Magic #3: Pollard’s Rho or The Birthday Problem at Work

If the number passes our primality tests and is confirmed composite, we don’t jump straight to the heavy sieving algorithms. We first try to catch mid-sized factors using the Birthday Problem logic of Pollard’s \(\rho\) method.

The core intuition is the collision trick, aka Birthday problem. Imagine you are in a room with \(N\) people. To find someone with a specific birthday (say, January 1st), you need to ask nearly 365 people. This is Trial Division logic—it’s linear.

But to find any two people who share a birthday, you only need 23 people. This is the Birthday Problem. In factorization, we don’t look for a factor \(p\); we look for two numbers \(x\) and \(y\) such that \(x \equiv y \pmod{p}\).

The algorithm uses a random walk in a small ring: collisions are inevitable. We use a pseudorandom function, usually \(f(x) = (x^2 + c) \pmod{N}\), to generate a sequence. 1. The sequence is calculated modulo \(N\) (the big number). 2. However, it effectively shadows a sequence modulo \(p\) (the smaller, unknown factor). 3. Because \(p < N\), a collision \(x_i \equiv x_j \pmod{p}\) will happen much faster—specifically in \(O(\sqrt{p})\) steps.

Once we have a collision modulo \(p\), then \(p\) divides the difference \(|x_i - x_j|\). We use Magic #0 (GCD) to extract it: \[g = \gcd(|x_i - x_j|, N)\]

To find this collision without storing every \(x\) in memory, we use two pointers in a method called Floyd’s circle-finding. The Tortoise moves one step at a time, and the Hare moves two steps. In a finite set, the sequence eventually enters a cycle, forming the shape of the Greek letter \(\rho\). The Hare will eventually lap the Tortoise inside the cycle modulo \(p\).

Example 2 (Pollard’s Rho in Python)  

import math

def pollard_rho(n, c=1):
    """
    Pollard's Rho algorithm with Floyd's cycle-finding.
    Returns a factor of n.
    """
    if n % 2 == 0: return 2

    def f(x): return (x*x + c) % n

    x = 2; y = 2; d = 1

    while d == 1:
        x = f(x)           # Tortoise moves 1 step
        y = f(f(y))        # Hare moves 2 steps
        d = math.gcd(abs(x - y), n)

        if d == n:
            # Failure: hit a collision mod n, try a different constant c
            return pollard_rho(n, c + 1)

    return d

The Power: For a factor \(p \approx 10^{14}\), trial division needs \(10^{14}\) steps. Pollard’s \(\rho\) needs \(\approx \sqrt{10^{14}} = 10^7\) steps. On a modern CPU, this is instantaneous.
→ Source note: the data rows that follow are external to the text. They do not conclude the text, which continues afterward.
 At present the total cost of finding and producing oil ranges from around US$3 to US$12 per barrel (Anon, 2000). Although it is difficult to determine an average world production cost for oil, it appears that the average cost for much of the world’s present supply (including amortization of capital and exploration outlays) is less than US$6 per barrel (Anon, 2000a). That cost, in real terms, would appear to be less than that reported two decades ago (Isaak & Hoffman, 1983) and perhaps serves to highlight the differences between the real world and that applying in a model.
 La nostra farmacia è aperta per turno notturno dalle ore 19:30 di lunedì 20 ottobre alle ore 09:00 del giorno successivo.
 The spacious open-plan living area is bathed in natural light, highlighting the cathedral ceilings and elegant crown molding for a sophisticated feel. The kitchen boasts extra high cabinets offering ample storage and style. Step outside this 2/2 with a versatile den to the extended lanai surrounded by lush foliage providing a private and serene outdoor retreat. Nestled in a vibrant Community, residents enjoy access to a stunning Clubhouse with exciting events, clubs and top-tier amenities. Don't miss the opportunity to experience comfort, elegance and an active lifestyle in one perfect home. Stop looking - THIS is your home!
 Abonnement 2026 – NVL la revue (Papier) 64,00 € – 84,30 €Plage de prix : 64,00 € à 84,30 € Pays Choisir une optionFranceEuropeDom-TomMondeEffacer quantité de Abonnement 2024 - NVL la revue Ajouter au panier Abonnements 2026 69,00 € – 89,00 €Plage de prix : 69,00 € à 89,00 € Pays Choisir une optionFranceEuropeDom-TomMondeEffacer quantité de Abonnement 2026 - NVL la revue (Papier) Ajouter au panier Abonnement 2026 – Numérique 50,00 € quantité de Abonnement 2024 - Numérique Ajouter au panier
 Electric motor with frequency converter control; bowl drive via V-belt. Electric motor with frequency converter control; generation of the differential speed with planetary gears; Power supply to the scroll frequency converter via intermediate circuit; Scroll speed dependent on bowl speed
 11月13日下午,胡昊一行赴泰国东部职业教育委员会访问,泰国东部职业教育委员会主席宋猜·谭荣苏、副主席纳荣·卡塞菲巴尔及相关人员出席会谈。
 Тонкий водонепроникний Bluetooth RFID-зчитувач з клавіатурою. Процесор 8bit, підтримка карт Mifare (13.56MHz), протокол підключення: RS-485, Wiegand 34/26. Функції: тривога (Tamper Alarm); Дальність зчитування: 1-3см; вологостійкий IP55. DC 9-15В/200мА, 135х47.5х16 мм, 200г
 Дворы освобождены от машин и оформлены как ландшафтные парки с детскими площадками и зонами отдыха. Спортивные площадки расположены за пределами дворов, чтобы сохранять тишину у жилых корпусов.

Magic #4: Pollard’s \(p-1\) Method

If Pollard’s \(\rho\) is a random walk, the \(p-1\) method is a targeted strike. It is incredibly fast, but it has a very specific weakness: it only works if the number \(N\) has a prime factor \(p\) such that the number \(p-1\) is smooth.

Recall Fermat’s Little Theorem: If \(p\) is prime, then for any \(a\) not divisible by \(p\): \[a^{p-1} \equiv 1 \pmod p\] Now, suppose \(p\) is a factor of our composite \(N\). If \(p-1\) is smooth, it means \(p-1\) is composed of small primes. Therefore, \(p-1\) will divide some large factorial \(B!\) (or a product of small prime powers). Let’s call this large number \(K\).
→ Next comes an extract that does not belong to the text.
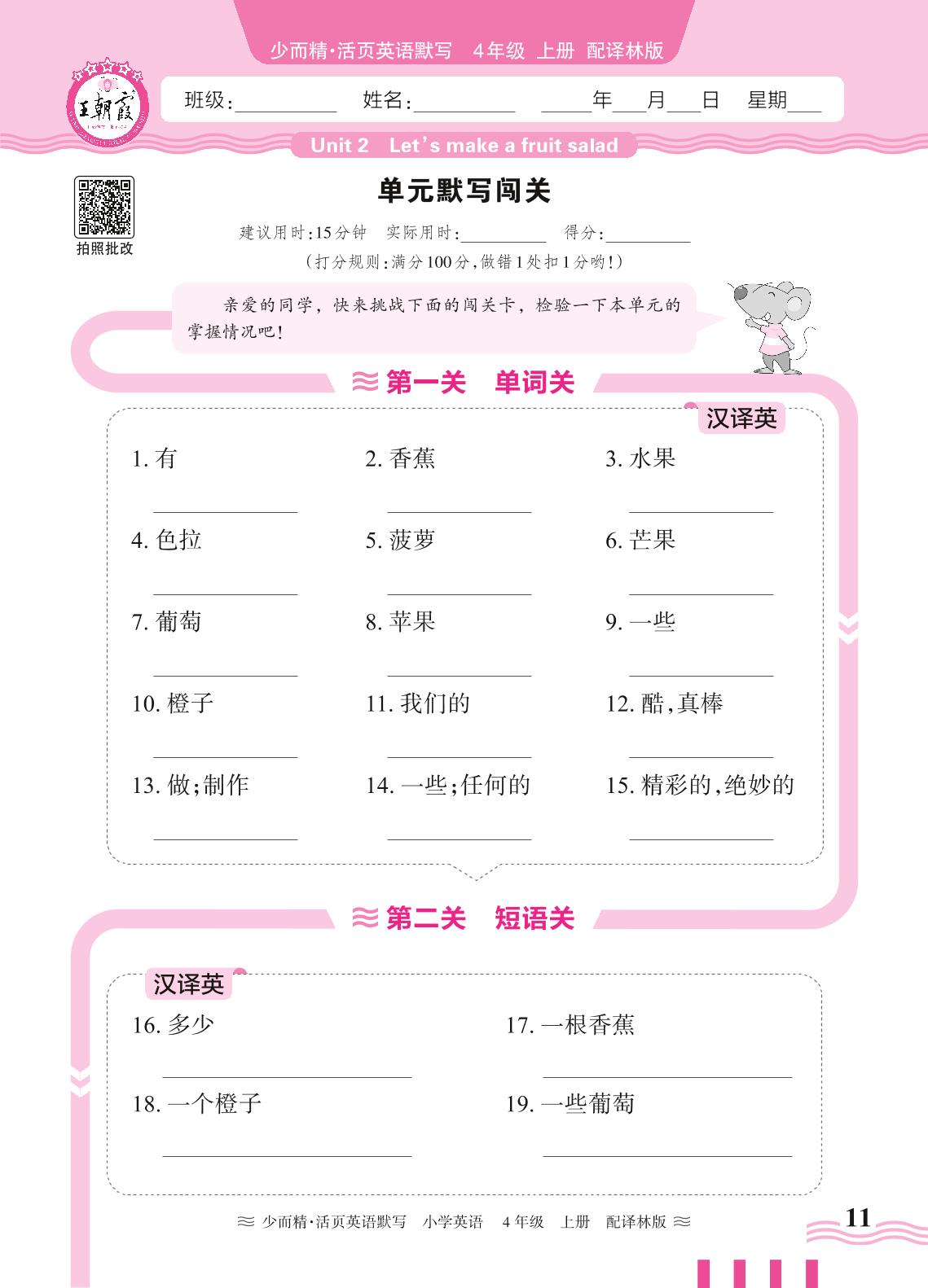 2024秋上册四年级英语译林版(三起始) Unit 2 单元默写闯关

If \((p-1) \mid K\), then by Fermat’s theorem: \[a^K = a^{(p-1) \cdot \text{something}} = (a^{p-1})^{\text{something}} \equiv 1^{\text{something}} \equiv 1 \pmod p\] If \(a^K \equiv 1 \pmod p\), then \(p\) divides the difference \((a^K - 1)\). Since \(p\) also divides \(N\), we can use our favorite foundation, Magic #0 (GCD), to find it: \[g = \gcd(a^K - 1, N)\] If \(g\) is between \(1\) and \(N\), we have successfully plucked the prime \(p\) out of \(N\).

The \(p-1\) method is a one-shot deal for a specific factor \(p\).

  • If \(p-1\) is smooth: The algorithm finds \(p\) almost instantly using binary exponentiation and one GCD.
  • If \(p-1\) is NOT smooth: The algorithm fails completely. There is no way to tweak it to make it work for that specific \(p\).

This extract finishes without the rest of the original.